PROVIDED MATERIAL >>
——

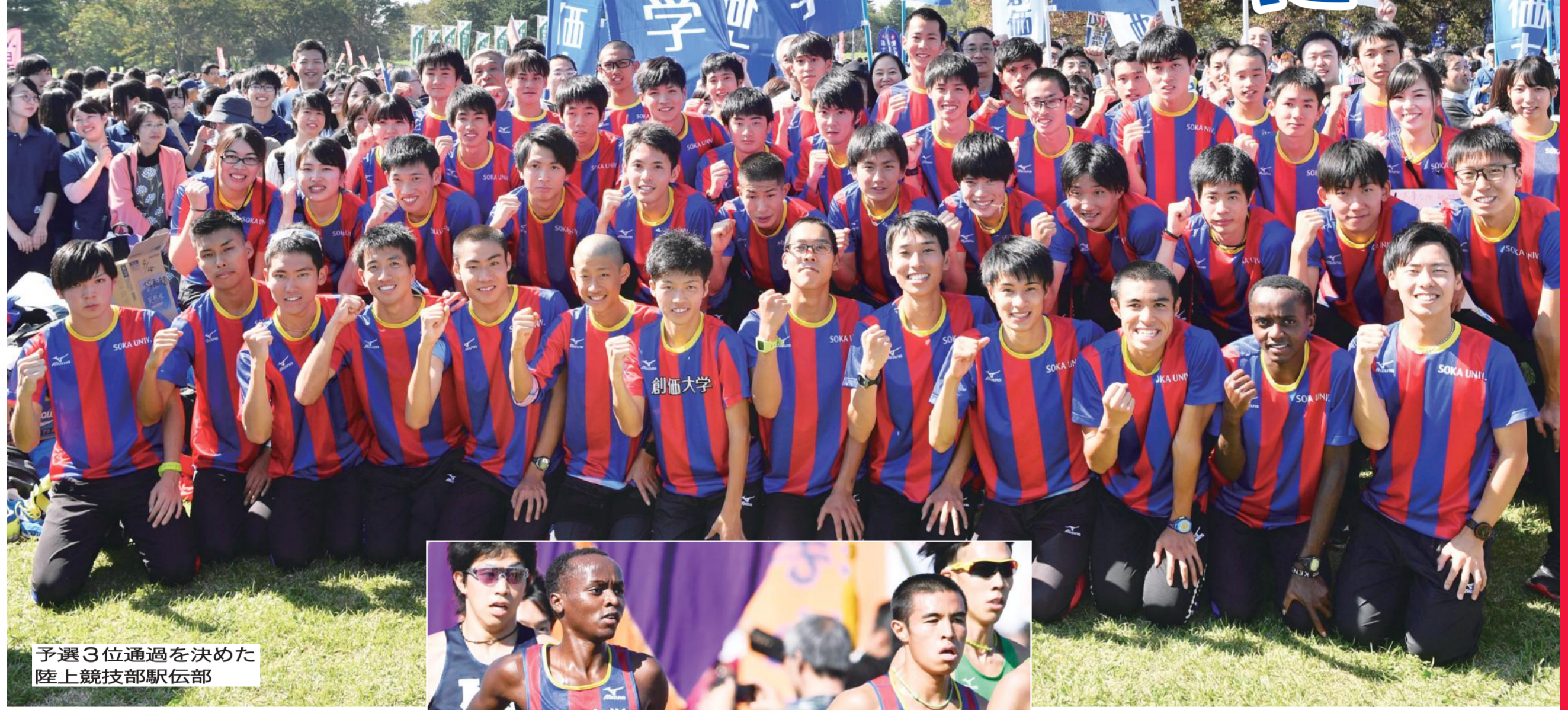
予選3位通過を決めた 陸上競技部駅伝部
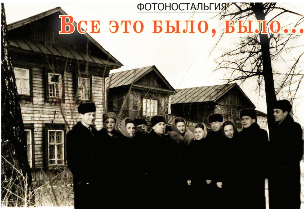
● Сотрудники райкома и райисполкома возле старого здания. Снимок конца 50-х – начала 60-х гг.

——

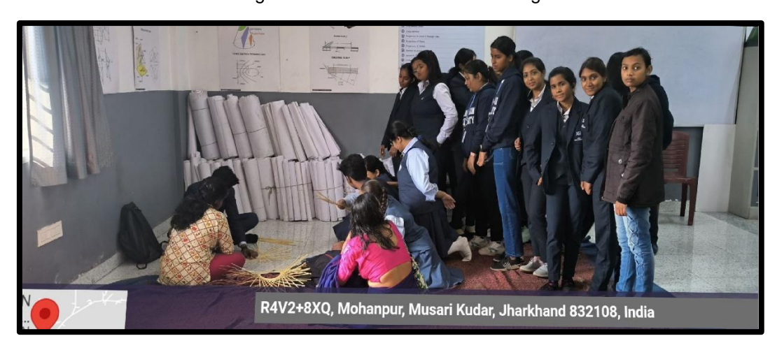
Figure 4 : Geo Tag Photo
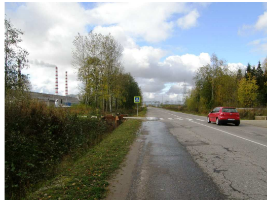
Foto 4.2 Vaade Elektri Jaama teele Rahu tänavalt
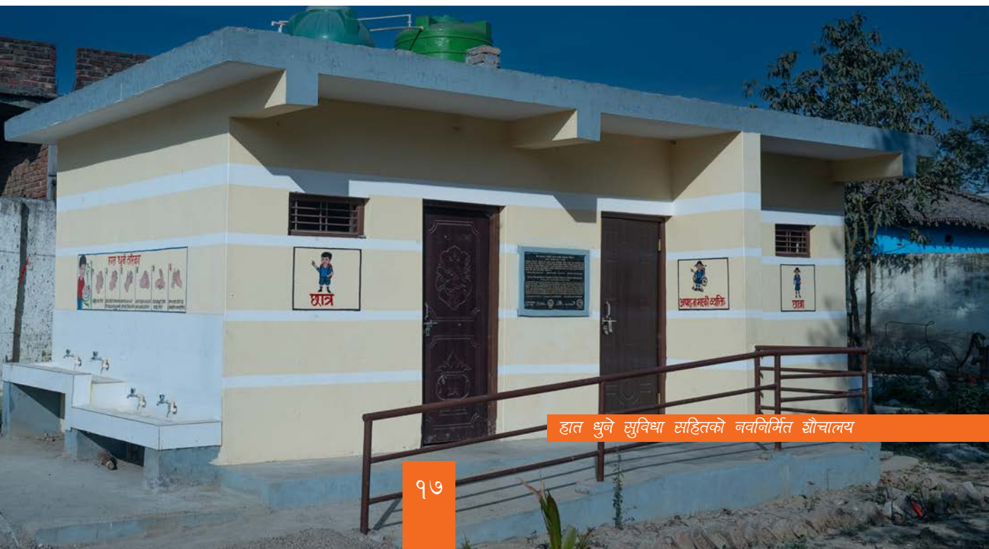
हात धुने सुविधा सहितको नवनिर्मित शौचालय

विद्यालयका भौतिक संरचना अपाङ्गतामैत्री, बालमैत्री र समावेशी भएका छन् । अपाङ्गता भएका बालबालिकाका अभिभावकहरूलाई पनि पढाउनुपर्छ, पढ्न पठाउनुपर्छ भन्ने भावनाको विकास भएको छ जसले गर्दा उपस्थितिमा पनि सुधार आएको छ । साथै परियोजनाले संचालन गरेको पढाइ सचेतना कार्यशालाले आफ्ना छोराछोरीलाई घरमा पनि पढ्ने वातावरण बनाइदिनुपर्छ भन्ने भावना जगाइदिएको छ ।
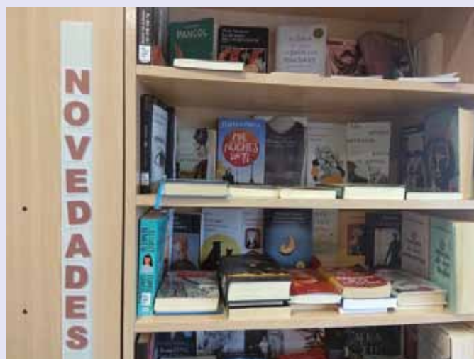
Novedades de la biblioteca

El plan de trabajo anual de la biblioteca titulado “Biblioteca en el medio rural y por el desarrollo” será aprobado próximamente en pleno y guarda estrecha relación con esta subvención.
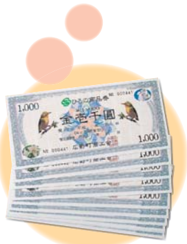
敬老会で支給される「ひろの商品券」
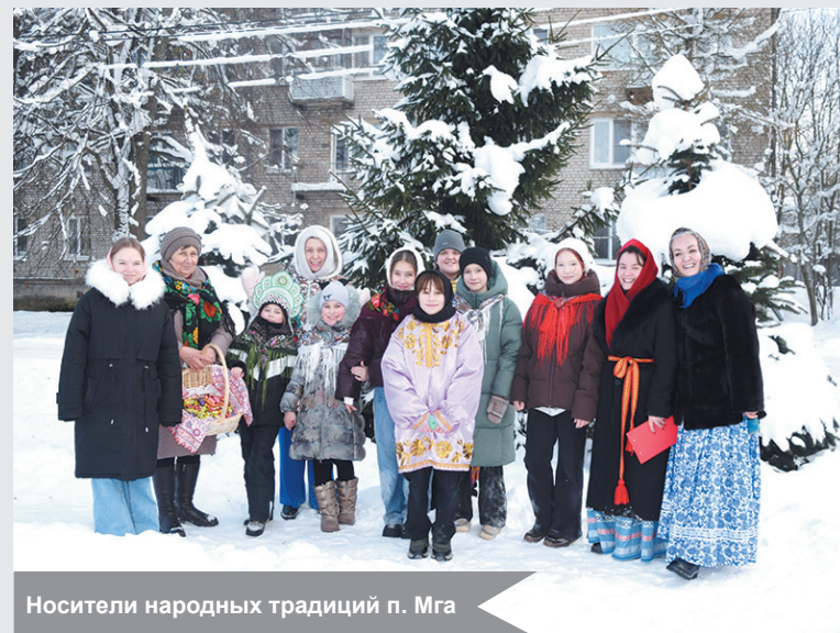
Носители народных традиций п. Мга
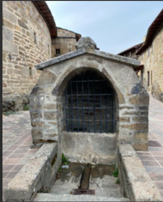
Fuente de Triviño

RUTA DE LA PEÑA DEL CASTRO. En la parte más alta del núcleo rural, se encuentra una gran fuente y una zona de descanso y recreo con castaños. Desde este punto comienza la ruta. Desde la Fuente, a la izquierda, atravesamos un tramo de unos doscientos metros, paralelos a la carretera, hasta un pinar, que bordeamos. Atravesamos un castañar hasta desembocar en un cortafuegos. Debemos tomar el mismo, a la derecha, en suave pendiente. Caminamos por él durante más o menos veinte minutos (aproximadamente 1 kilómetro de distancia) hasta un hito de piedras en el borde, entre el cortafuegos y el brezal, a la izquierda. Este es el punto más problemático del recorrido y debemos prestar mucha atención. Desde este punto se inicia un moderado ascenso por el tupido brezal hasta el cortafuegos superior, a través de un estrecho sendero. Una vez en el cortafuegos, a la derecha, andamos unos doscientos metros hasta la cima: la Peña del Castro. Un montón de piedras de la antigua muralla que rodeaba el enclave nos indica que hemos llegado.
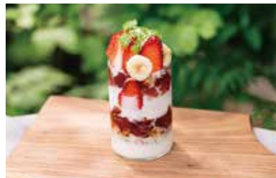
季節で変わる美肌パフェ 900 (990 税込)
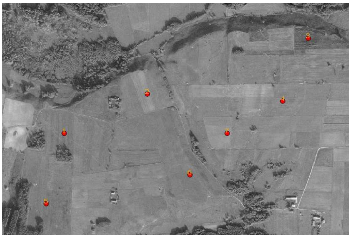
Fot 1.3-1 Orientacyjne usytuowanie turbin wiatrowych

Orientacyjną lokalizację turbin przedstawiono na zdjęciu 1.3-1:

——

What is needed is an exact copy of the lines above from the one with "予選3位通過を決めた 陸上競技部駅伝部" to the one with "начала 60-х гг.", both ends kept, and nothing more; please leave the pictures out.

RESULT >>
予選3位通過を決めた 陸上競技部駅伝部
● Сотрудники райкома и райисполкома возле старого здания. Снимок конца 50-х – начала 60-х гг.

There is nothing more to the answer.